**Your assignment**
Output, word for word, each line from the one with "Der Nachdem am" through the end of the listing below, excluding every picture.

**Data segment**

··········

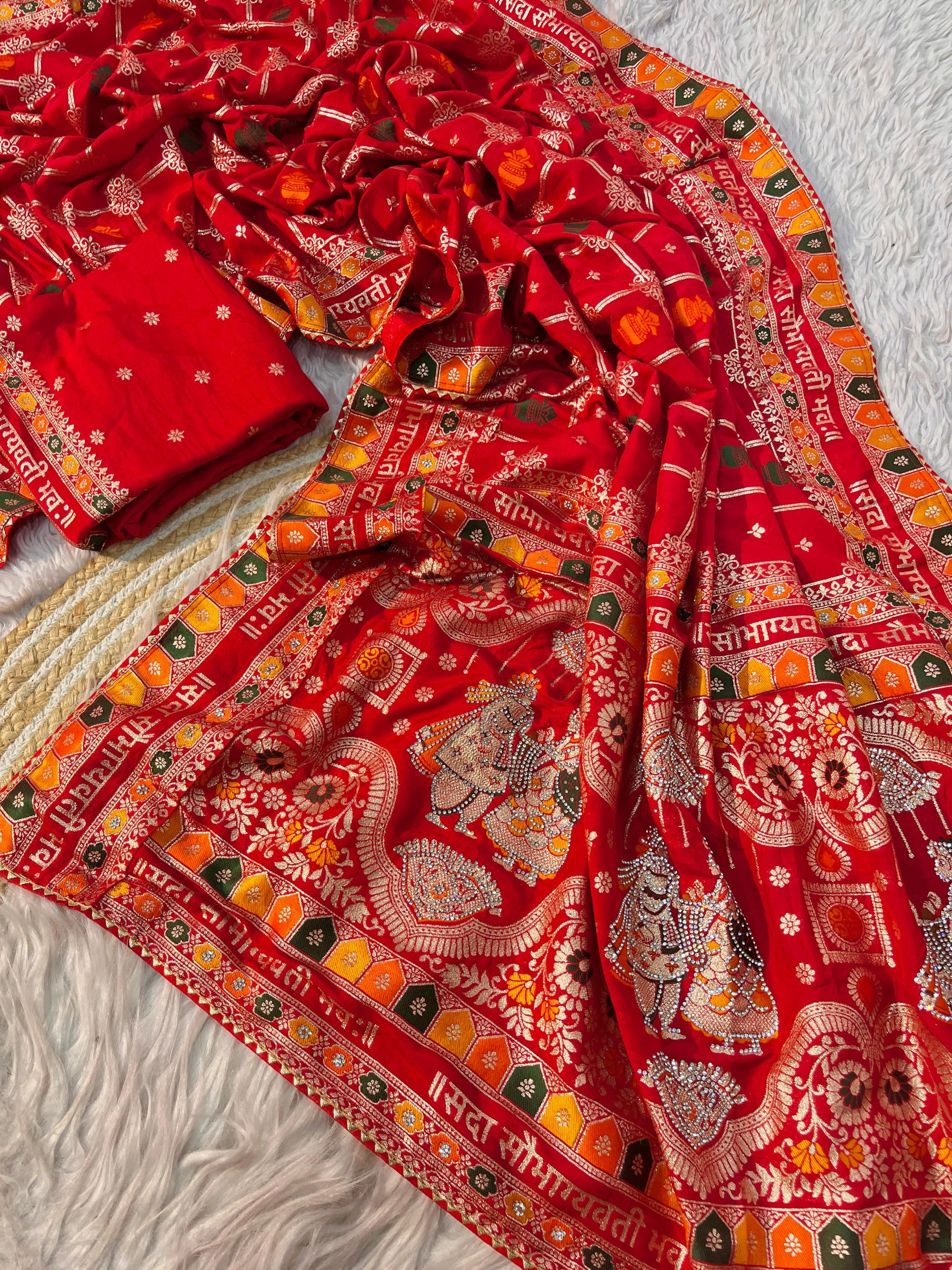 *Discover the enchanting of Sada Saubhagyavati Bhava saree with beautiful dola silk weaving meena with rich pallu zarkhan work with running blouse*
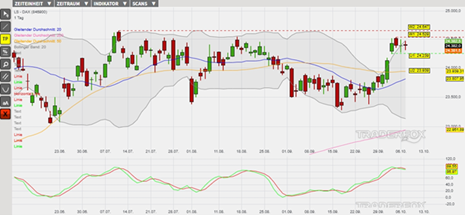 Der Nachdem am gestrigen Dienstag erneut Rücksetzer mit Käufen beantwortet wurden, schloss der DAX erneut mit einem marginalen Plus. Nach der dynamischen Aufwärtsbewegung der letzten Wochen könnte die mehrtägige enge Konsolidierung nun die Basis für eine Fortsetzung der übergeordneten Aufwärtsbewegung legen. Support erhält dieses Szenario durch die weiter intakten Kaufsignale des GD200, des GD20 und des GD50.
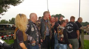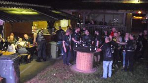 Member Peter hatte es geschnallt und stellte seine Harley genau vor mir ab und ließ den Motor röhren, so daß ich meinen absoluten Lieblingssong mit reichlich Benzingeruch in der Nase performen konnte. Das erzeugte eine tolle Atmosphäre und war der krönende Abschluss für ein Konzert, dass allen auf der Bühne mächtig Spaß gemacht hatte. Da der CD-Koffer nunmehr auch fast leer ist und neu befüllt werden muss, dürfen wir diesen Gig als Erfolg verbuchen. Danach tummelten wir uns noch einige Zeit auf dem Gelände, bevor ich gegen 01.00 Uhr mich mit Lady und Karre auf den Heimweg machte.

··········

**Written response**
 Der Nachdem am gestrigen Dienstag erneut Rücksetzer mit Käufen beantwortet wurden, schloss der DAX erneut mit einem marginalen Plus. Nach der dynamischen Aufwärtsbewegung der letzten Wochen könnte die mehrtägige enge Konsolidierung nun die Basis für eine Fortsetzung der übergeordneten Aufwärtsbewegung legen. Support erhält dieses Szenario durch die weiter intakten Kaufsignale des GD200, des GD20 und des GD50.
 Member Peter hatte es geschnallt und stellte seine Harley genau vor mir ab und ließ den Motor röhren, so daß ich meinen absoluten Lieblingssong mit reichlich Benzingeruch in der Nase performen konnte. Das erzeugte eine tolle Atmosphäre und war der krönende Abschluss für ein Konzert, dass allen auf der Bühne mächtig Spaß gemacht hatte. Da der CD-Koffer nunmehr auch fast leer ist und neu befüllt werden muss, dürfen wir diesen Gig als Erfolg verbuchen. Danach tummelten wir uns noch einige Zeit auf dem Gelände, bevor ich gegen 01.00 Uhr mich mit Lady und Karre auf den Heimweg machte.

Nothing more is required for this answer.